Statistical Inference I
Module 4: Estimation, Hypothesis Testing & Examples
What is Statistical Inference?
Statistical inference is the process of using data analysis to infer properties of an underlying population probability distribution. It allows us to draw conclusions about a large population based on a smaller sample.

Point vs. Interval Estimation
1. Point Estimation: A single value calculated from sample data (e.g., Sample Mean x̄) used to estimate the population parameter (μ).
2. Interval Estimation: A range of values (e.g., Confidence Interval) within which the parameter is expected to lie with a certain probability.
Confidence Intervals
A Confidence Interval (CI) proposes a range of plausible values for an unknown parameter.
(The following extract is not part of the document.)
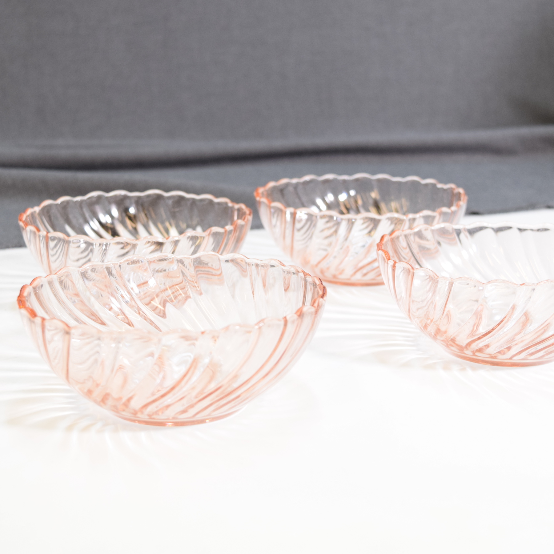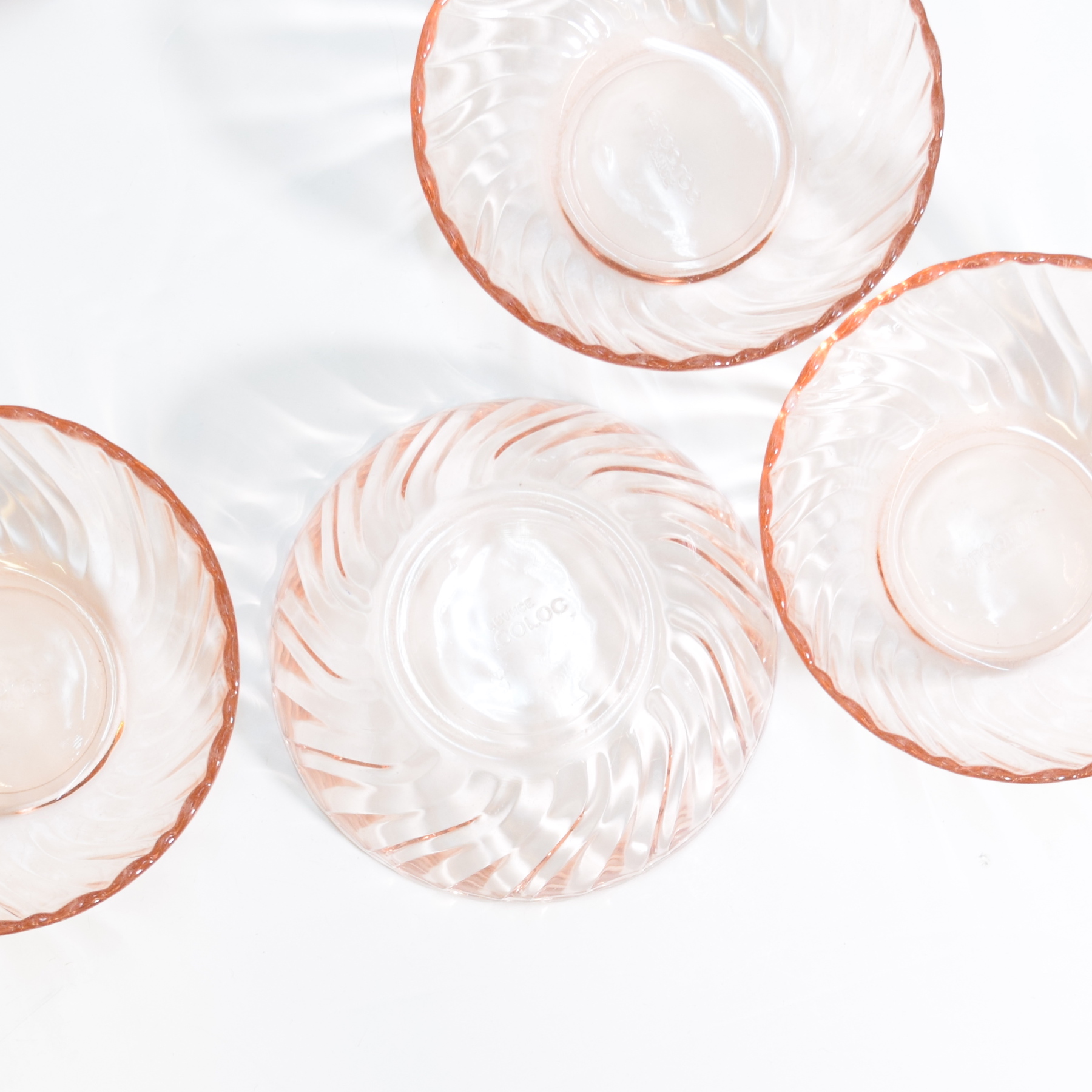 Vintage Arcoroc Rosaline Pink Swirl -lasinen jälkiruokakulho 4kpl

For a 95% CI, if we were to take 100 different samples and compute a CI for each, we expect 95 of those intervals to contain the true population mean.
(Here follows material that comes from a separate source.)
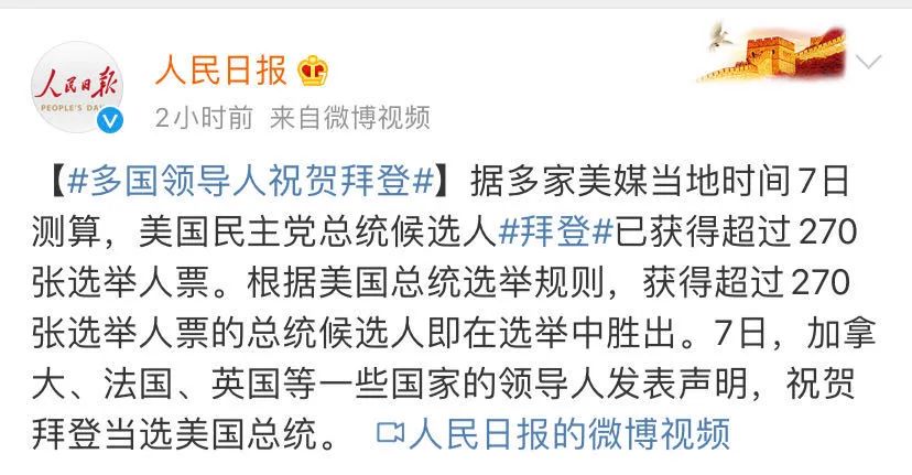 据多家美媒当地时间7日测算,美国民主党总统候选人拜登已获得超过270张选举人票。根据美国总统选举规则,获得超过270张选举人票的总统候选人即在选举中胜出。7日,加拿大、法国、英国等一些国家的领导人发表声明,祝贺拜登当选美国总统。

Example Sum 1: Finding 95% CI
- Problem: A sample of 64 students has a mean score of 50 with a known standard deviation of 8. Find the 95% confidence interval for the population mean.
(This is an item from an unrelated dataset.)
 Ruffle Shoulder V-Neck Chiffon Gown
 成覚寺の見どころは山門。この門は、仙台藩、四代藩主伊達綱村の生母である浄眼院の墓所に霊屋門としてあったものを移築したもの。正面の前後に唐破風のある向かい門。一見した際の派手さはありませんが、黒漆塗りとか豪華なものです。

- Step 1: Calculate Standard Error (SE) = σ / √n = 8 / √64 = 8 / 8 = 1.0
- Step 2: Z-value for 95% confidence is 1.96
- Step 3: Margin of Error (E) = Z * SE = 1.96 * 1.0 = 1.96
- Result: CI = Mean ± E = 50 ± 1.96 ⇒ [48.04, 51.96]
Hypothesis Testing Basics
Hypothesis testing evaluates two mutually exclusive statements about a population:
Null Hypothesis (H₀): Theoretical statement of no effect or no difference.
Alternative Hypothesis (H₁): Statement trying to be proven (there is an effect).
We use sample data to determine if there is sufficient evidence to reject H₀.

Types of Errors in Testing
- In decision making, we can make two types of errors:
- Type I Error (α): Rejecting the Null Hypothesis when it is actually true (False Positive).
- Type II Error (β): Failing to reject the Null Hypothesis when it is actually false (False Negative).
- Significance Level (α): The probability of committing a Type I error (commonly 0.05).
Example Sum 2: One-Sample Z-Test
- Claim: Population mean IS 100. Sample: n=36, x̄=104, σ=12. Test at α=0.05.
- Hypothesis: H₀: μ = 100 vs H₁: μ ≠ 100 (Two-tailed)
- Test Statistic Z = (x̄ - μ) / (σ/√n) = (104 - 100) / (12/6) = 4 / 2 = 2.0
- Critical Value: For α=0.05 (two-tailed), Z_crit = ±1.96
- Conclusion: Since Z (2.0) > 1.96, we Reject H₀. The mean is significantly different from 100.